(GIVEN INFORMATION begins)

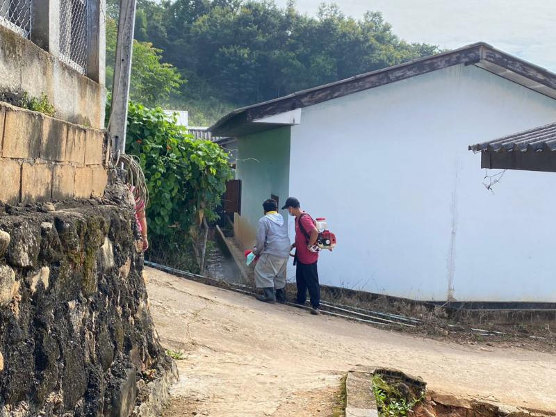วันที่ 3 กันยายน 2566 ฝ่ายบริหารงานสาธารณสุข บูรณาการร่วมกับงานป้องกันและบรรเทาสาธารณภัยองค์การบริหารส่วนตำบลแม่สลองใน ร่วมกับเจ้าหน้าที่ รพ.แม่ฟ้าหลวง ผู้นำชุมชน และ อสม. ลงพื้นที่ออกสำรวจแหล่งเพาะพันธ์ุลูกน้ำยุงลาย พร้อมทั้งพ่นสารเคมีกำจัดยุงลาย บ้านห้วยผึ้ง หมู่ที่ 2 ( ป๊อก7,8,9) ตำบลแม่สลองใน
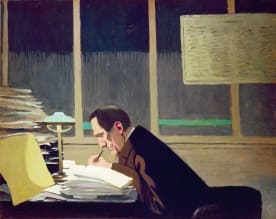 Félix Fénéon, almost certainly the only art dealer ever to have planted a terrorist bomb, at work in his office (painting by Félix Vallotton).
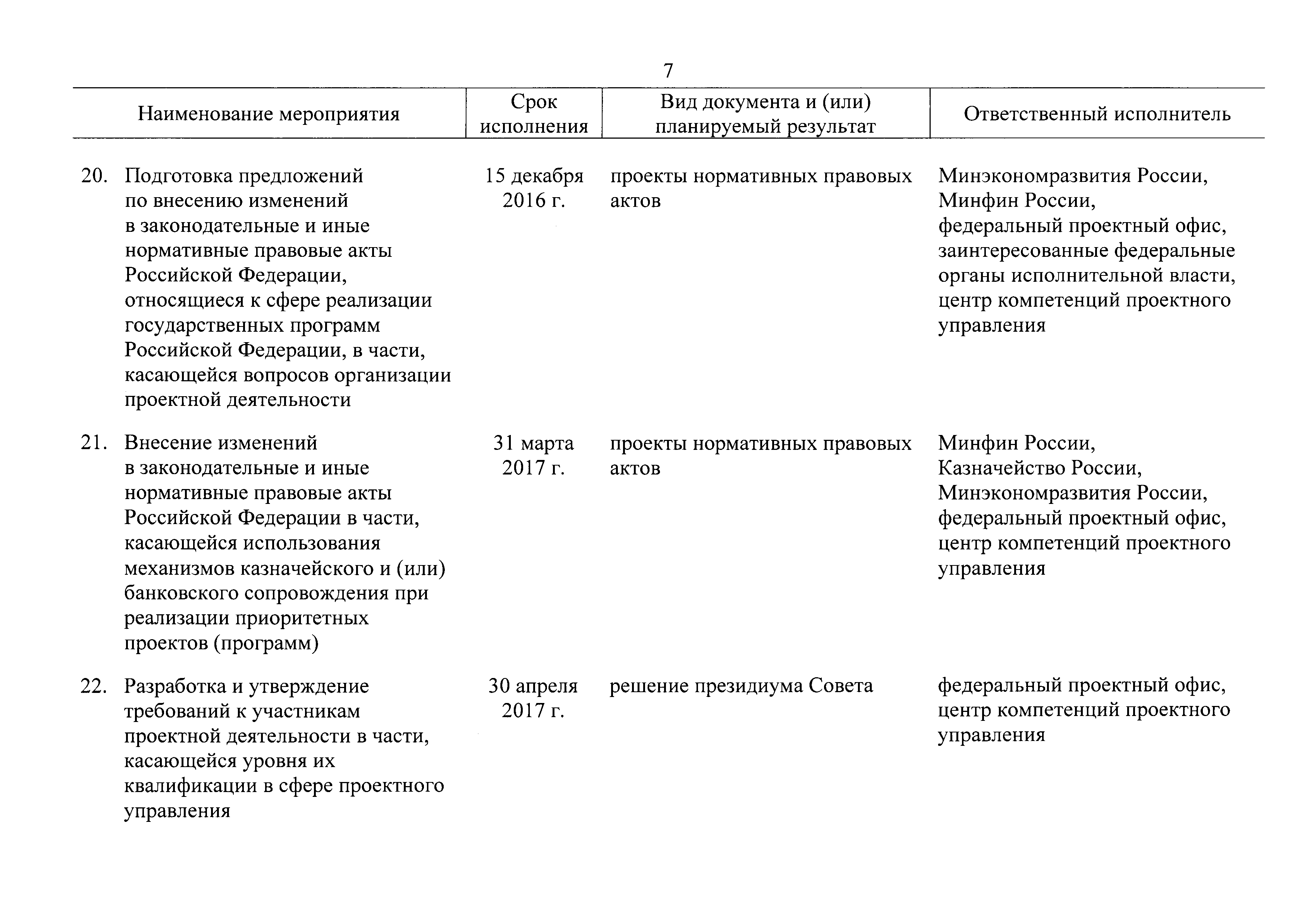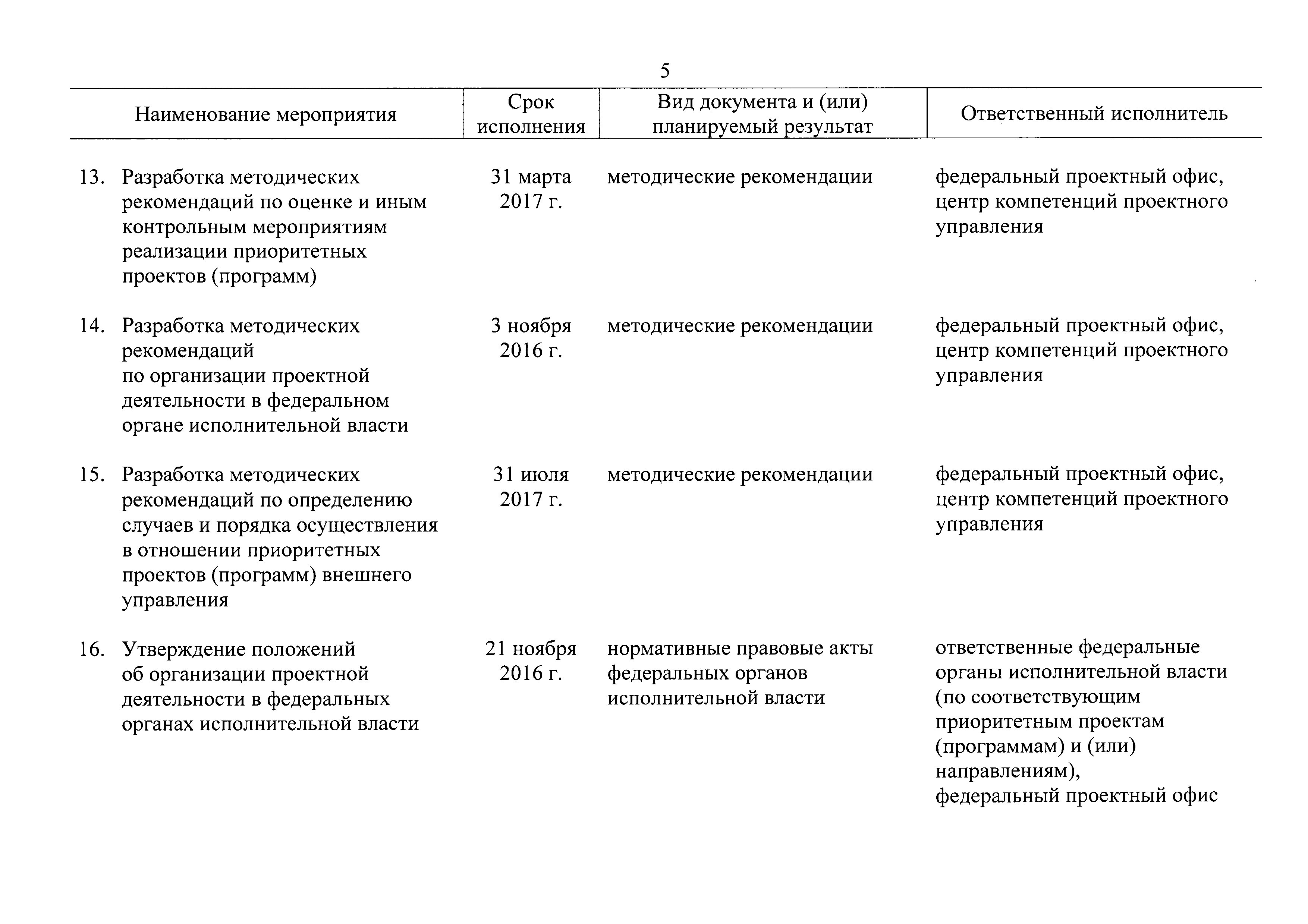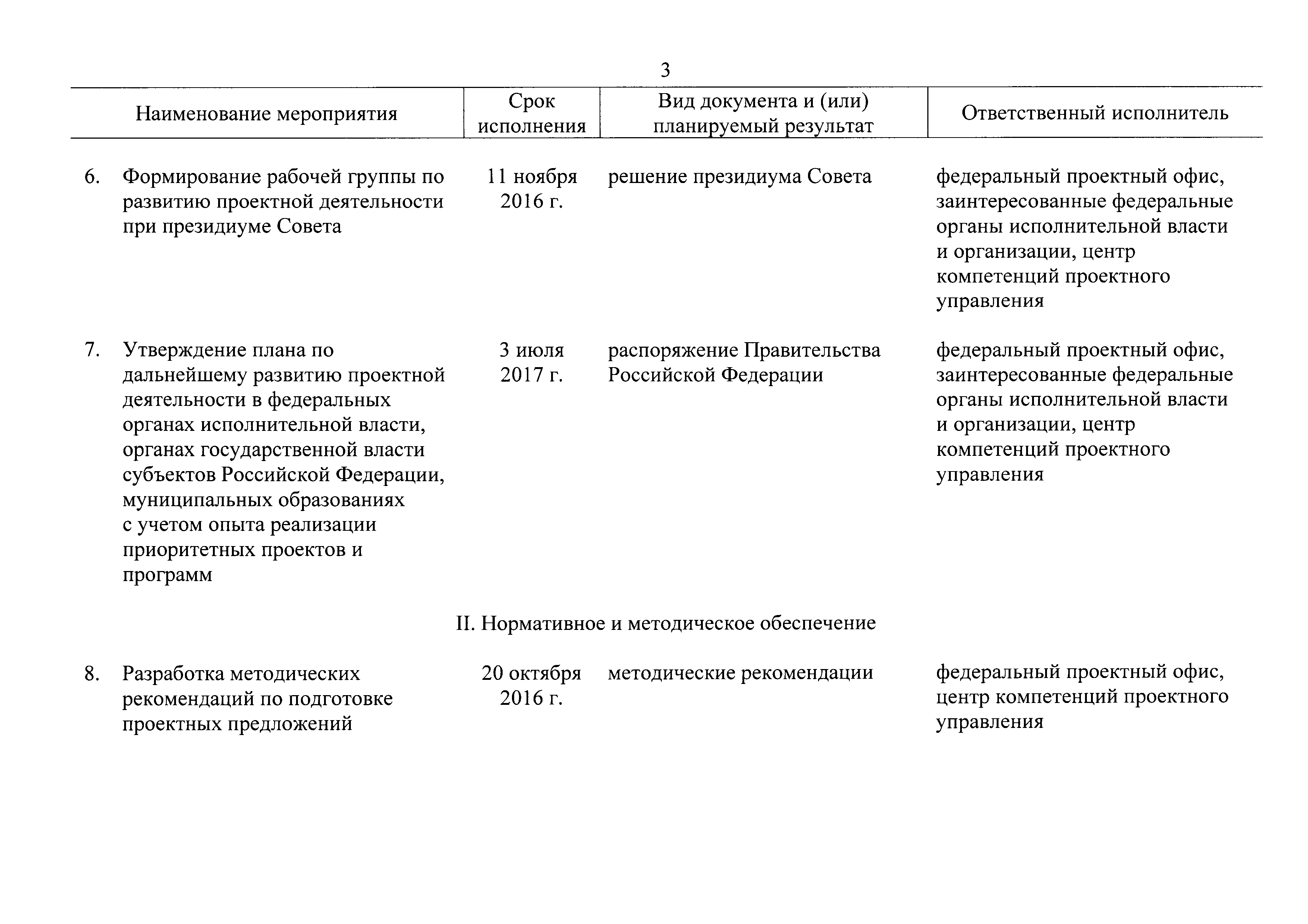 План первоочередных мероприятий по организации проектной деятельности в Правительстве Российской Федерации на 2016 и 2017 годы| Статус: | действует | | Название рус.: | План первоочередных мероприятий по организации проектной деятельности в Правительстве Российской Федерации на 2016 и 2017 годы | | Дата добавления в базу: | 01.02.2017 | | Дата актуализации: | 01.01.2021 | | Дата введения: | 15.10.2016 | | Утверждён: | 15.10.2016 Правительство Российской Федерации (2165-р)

(GIVEN INFORMATION ends)

Repeat each line of the material, unaltered, from the first through the line with "Félix Fénéon, almost", and include no pictures.

วันที่ 3 กันยายน 2566 ฝ่ายบริหารงานสาธารณสุข บูรณาการร่วมกับงานป้องกันและบรรเทาสาธารณภัยองค์การบริหารส่วนตำบลแม่สลองใน ร่วมกับเจ้าหน้าที่ รพ.แม่ฟ้าหลวง ผู้นำชุมชน และ อสม. ลงพื้นที่ออกสำรวจแหล่งเพาะพันธ์ุลูกน้ำยุงลาย พร้อมทั้งพ่นสารเคมีกำจัดยุงลาย บ้านห้วยผึ้ง หมู่ที่ 2 ( ป๊อก7,8,9) ตำบลแม่สลองใน
 Félix Fénéon, almost certainly the only art dealer ever to have planted a terrorist bomb, at work in his office (painting by Félix Vallotton).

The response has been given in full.